Among the entries below, retype exactly the lines starting with the one with "여주시(시장 이항진)는 지역주도형" and going on through the one with "意味不明あだ名 | 『自称なんりしゅんま』 |", but not the pictures.

+++ DATASET RECORDS

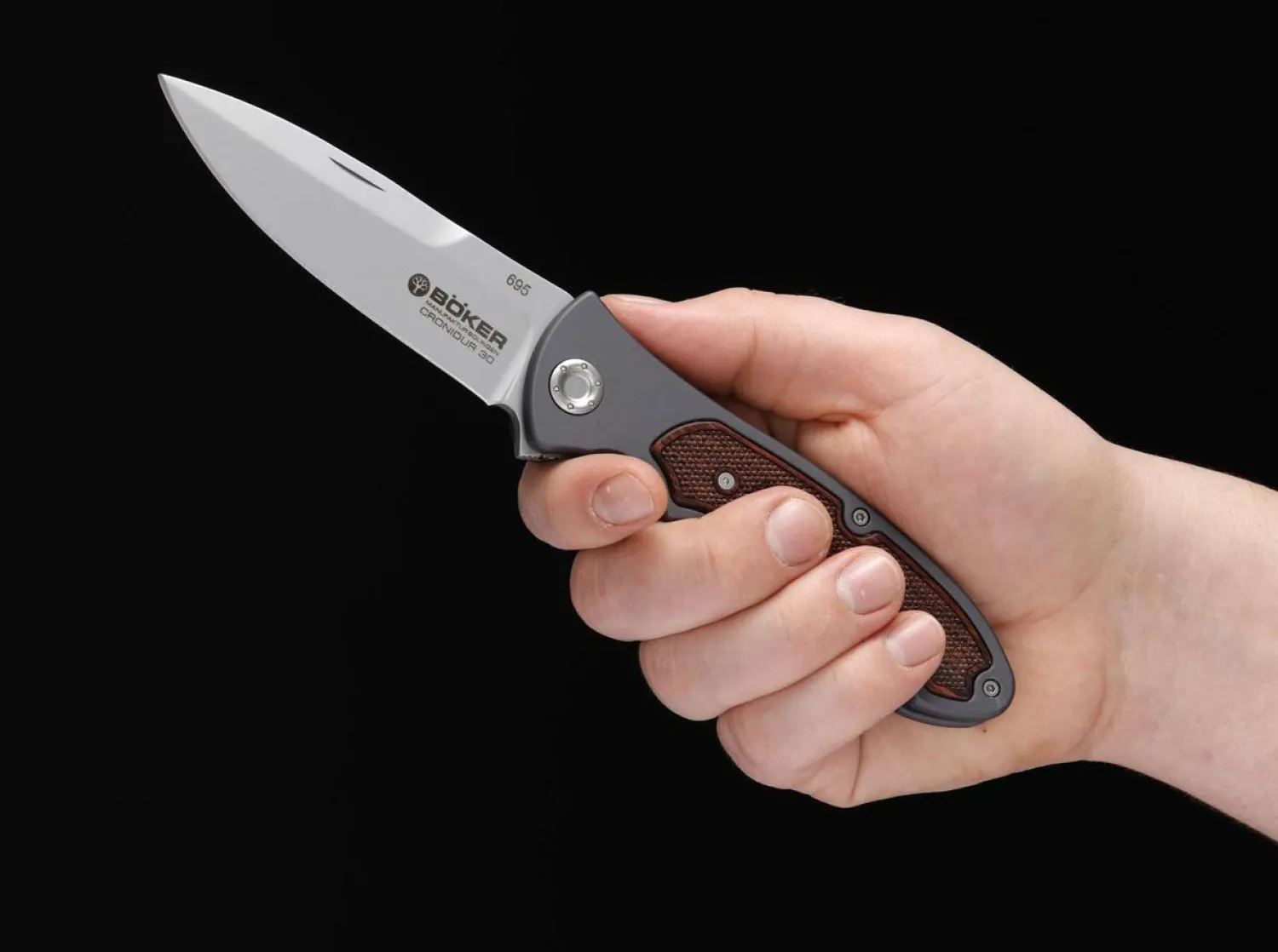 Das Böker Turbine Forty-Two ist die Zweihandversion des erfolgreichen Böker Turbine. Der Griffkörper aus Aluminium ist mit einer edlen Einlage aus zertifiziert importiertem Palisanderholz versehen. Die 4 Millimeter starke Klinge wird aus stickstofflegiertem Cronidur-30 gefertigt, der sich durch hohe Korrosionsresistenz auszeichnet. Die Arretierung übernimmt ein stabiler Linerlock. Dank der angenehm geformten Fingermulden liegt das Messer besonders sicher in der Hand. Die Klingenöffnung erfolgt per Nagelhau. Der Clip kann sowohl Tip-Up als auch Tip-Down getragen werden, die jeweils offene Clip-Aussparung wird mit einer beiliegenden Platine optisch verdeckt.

++++++
+++ DATASET RECORDS

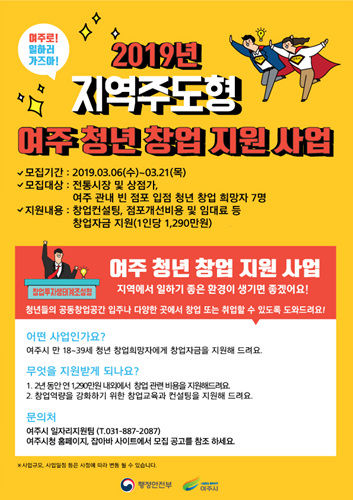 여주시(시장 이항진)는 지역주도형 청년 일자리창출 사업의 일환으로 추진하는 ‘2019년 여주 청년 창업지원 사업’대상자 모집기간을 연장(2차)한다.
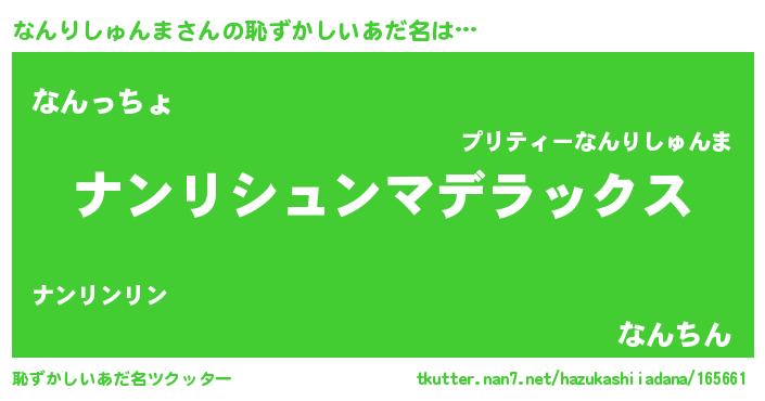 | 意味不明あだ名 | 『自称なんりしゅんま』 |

++++++
+++ DATASET RECORDS

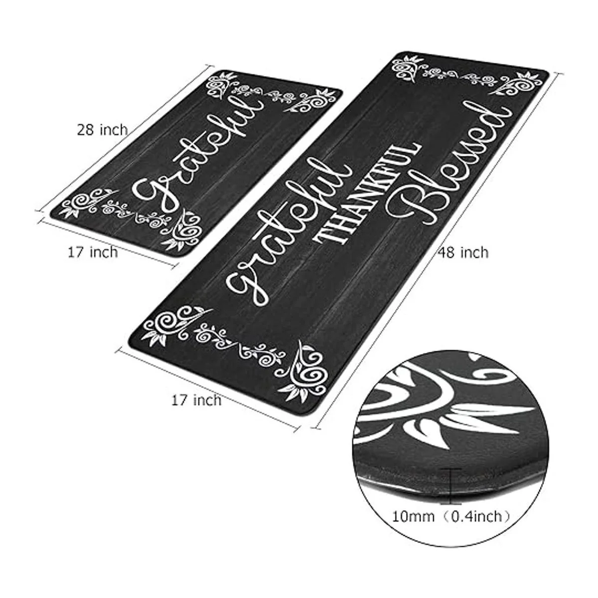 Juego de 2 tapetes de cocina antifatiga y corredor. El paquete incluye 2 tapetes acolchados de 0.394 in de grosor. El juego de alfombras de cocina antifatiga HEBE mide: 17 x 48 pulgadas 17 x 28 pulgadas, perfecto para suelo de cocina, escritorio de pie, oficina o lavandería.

++++++

EXERCISE SOLUTION →
 여주시(시장 이항진)는 지역주도형 청년 일자리창출 사업의 일환으로 추진하는 ‘2019년 여주 청년 창업지원 사업’대상자 모집기간을 연장(2차)한다.
 | 意味不明あだ名 | 『自称なんりしゅんま』 |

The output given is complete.